Gold and Bitcoin: Building a Smart Portfolio
In 2025, both gold and Bitcoin are hitting record highs, reigniting the debate over their role in the modern portfolio. More than rivals, they represent two distinct philosophies: stability versus innovation. Understanding how they complement each other is key to building a solid, diversified, and future-ready portfolio.
1️⃣ History and nature of the assets
Gold has served as a reference of value and trust for more than 2,600 years.
From the first Lydian coins to the 20th-century gold standard, it has endured wars, crises, and monetary transitions.
Bitcoin, born in 2009, is its digital counterpart: a decentralized, transparent, and scarce asset independent of governments or central banks.
Both represent opposing yet complementary pillars — gold is grounded in geology and tradition, while Bitcoin is built on technology and innovation.
2️⃣ Supply and scarcity: nature vs. code
Gold’s supply is limited by nature: around 216,000 tonnes have been mined throughout history.
Production grows slowly through mining and recycling, but depends on technological advances and geological discoveries.
Bitcoin, by contrast, has programmed scarcity: there will only ever be 21 million coins.
Over 95% have already been mined, and an estimated 20% are lost forever.
Its supply is immutable, transparent, and entirely verifiable.
AurumStack Tip 💬
While gold is scarce by nature, Bitcoin is scarce by design. Both follow the same logic: protecting value against unlimited fiat money creation.
3️⃣ Demand and current dynamics
Gold demand comes mainly from central banks, institutional investors, and the jewelry industry.
In 2024, central banks bought more than 1,000 tonnes for the third consecutive year, consolidating gold as the world’s second reserve asset after the U.S. dollar.
Meanwhile, Bitcoin reached an inflection point with the approval of spot ETFs in the United States.
This milestone attracted unprecedented institutional inflows, legitimizing its role as a financial asset and alternative investment vehicle.
4️⃣ Strategic portfolio allocation
According to investment firms and institutional studies, typical allocations are:
- Gold: between 2% and 10% of a portfolio, reaching up to 15–20% in defensive strategies.
- Bitcoin: between 1% and 5% as a diversifying asset.
During 2020–2024, adding a small Bitcoin exposure improved the Sharpe ratio of many mixed portfolios, thanks to its low correlation with traditional assets.

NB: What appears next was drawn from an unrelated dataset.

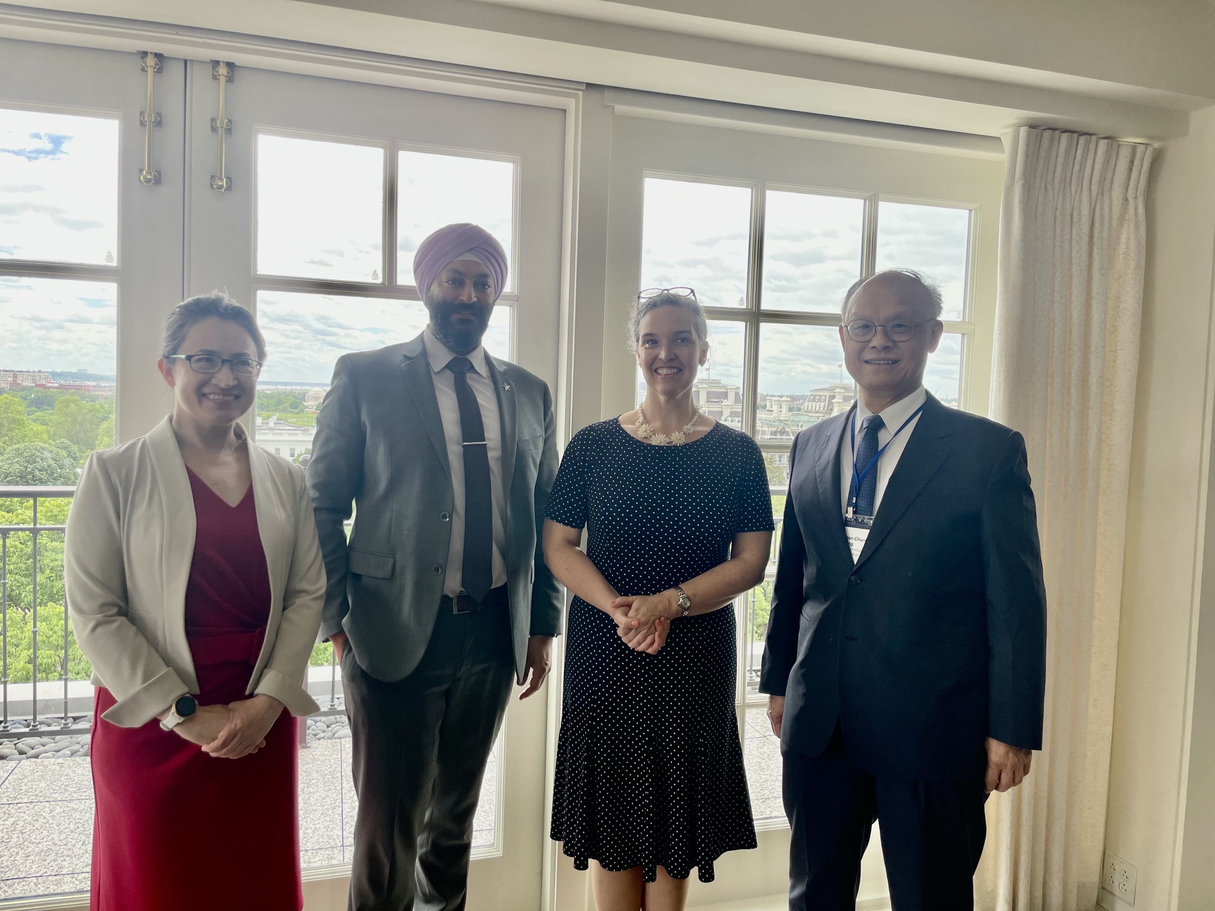 鄧政委出席由駐美代表蕭美琴大使主辦之2023SelectUSA歡迎酒會。(合影賓客: SelectUSA執行主任Jasjit Singh(左二)及美國在台協會處長孫曉雅(右二))

• In a defensive portfolio, gold acts as a
store of value.
• Bitcoin functions as atechnological option with
long-term upside potential.
5️⃣ Risk and correlations
Gold tends to shine when real interest rates fall or geopolitical uncertainty rises, offering moderate volatility.
Bitcoin, in contrast, reacts more strongly to liquidity cycles and institutional risk appetite, showing sharper moves both up and down.
Combining both assets helps reduce total portfolio volatility while capturing diverse performance drivers.
6️⃣ Regulatory landscape
Both assets are increasingly integrated into the global financial framework.
- Physical gold follows international LBMA Good Delivery standards.
- Bitcoin is covered by the MiCA regulation in the European Union and recognized by the SEC in the United States, classified as a commodity in the spot market and backing newly approved ETFs.
These regulations provide legal certainty and encourage broader institutional adoption.
7️⃣ Practical allocation example
A balanced defensive structure might look like this:
• 25% physical gold or gold-backed ETFs
• 5% Bitcoin, preferably via ETF or secure custody
• 70% other assets (equities, bonds, cash)
Periodic rebalancing —for example, once per year— allows you to capture gains and keep risk in check, without resorting to market timing.
🧭 Conclusion
Gold and Bitcoin represent two sides of the same coin: the pursuit of value preservation amid uncertainty.
Combining them allows investors to benefit from the historical resilience of the former and the technological potential of the latter.
AurumStack Tip 💬
A modern portfolio is not defined only by what it earns, but by what it withstands.